CONTRIBUTORY FACTOR CAUSATION; ARB AFFIRMED ALJ’S FINDING THAT COMPLAINANT FAILED TO CARRY HIS BURDEN OF PROOF UNDER THE FACTS OF THE CASE; FAILURE TO DISCLOSE CRIMINAL CONVICTION ON EMPLOYMENT APPLICATION; SERIOUS WORK VIOLATIONS; RESPONDENT’S LENIENCY; LACK OF TEMPORAL PROXIMITY

In Brucker v. BNSF Railway Co., ARB Nos. 2018-0067, -0068, ALJ No. 2013-FRS-00070 (ARB Nov. 5, 2020) (per curiam), the ARB affirmed the ALJ’s finding that Complainant failed to prove by a preponderance of the evidence that his alleged protected activity under the FRSA was a contributing factor to Respondent’s decision to terminate Complainant’s employment. In a very fact-specific decision, the ARB found that several factors supported the ALJ’s findings.

First, Complainant had admitted that he lied on his employment application when he checked “no” when asked if he had ever been convicted of a crime other than traffic violations. Complainant had previously plead guilty to misdemeanor assault, and served a suspended sentence. Although Complainant argued that the ALJ should have credited his testimony that his assistant supervisor at the time told him that the railroad was only interested in felony convictions, the ARB pointed out that Complainant had not informed HR of the conviction, and that other witnesses familiar with Respondent’s hiring practices testified that Complainant’s claim that the assistant supervisor told him to check the “no” box was not plausible.
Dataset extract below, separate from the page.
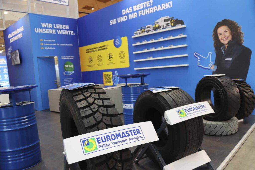Juntamente com a sua empresa-mãe Michelin, a Euromaster apresentou a sua vasta gama de serviços para frotistas, com espaços ajustados e funcionais. Para além da solução One Stop, a empresa destacou um pacote de serviços que abrange todos os principais requisitos da gestão de frotas. Nos últimos dois anos, esta rede oficinal pan-europeia acrescentou um serviço móvel para substituição dos vidros de camiões, que suscitou particular interesse entre os visitantes do seu stand no NUFAM.

Second, Complainant had committed a second serious violation within the applicable review period, which under Respondent’s employee performance accountability policy could result in dismissal. The ARB noted that the ALJ found that Respondent administered the discipline in accordance with its policies and the collective bargaining agreement. The ARB noted the ALJ’s conclusion that these violations, taken together with Complainant’s dishonestly on the application, were highly probative to Respondent’s decision to terminate the employment.
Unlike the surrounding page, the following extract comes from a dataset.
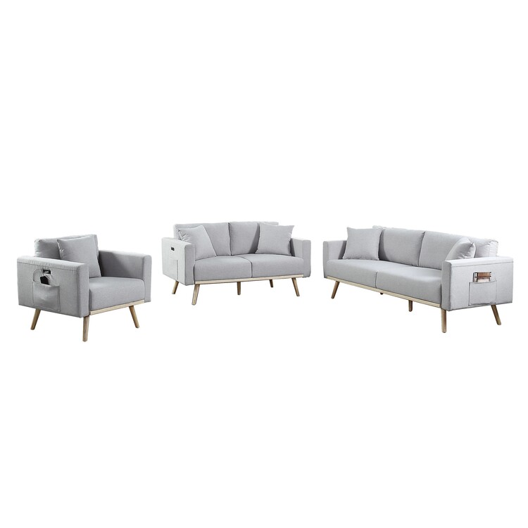 • Benjara Mico 75 Inch Sofa, Loveseat and Chair Set with Throw Pillows, Light Gray image - 1

Third, the decision to terminate Complainant’s employment was made by multiple individuals both inside and outside Complainant’s supervisory chain, the department in which he worked, and the locality.

Fourth, Complainant’s protected activity occurred two years before the termination decision. The ALJ found that Complainant’s supervisors had the opportunity to terminate Complainant’s employment earlier for violations in 2010 and 2011, but had exercised leniency. The ARB agreed with the ALJ that such leniency weighed against finding contributory factor causation between Complainant’s 2009 alleged protected activity and the termination in 2012.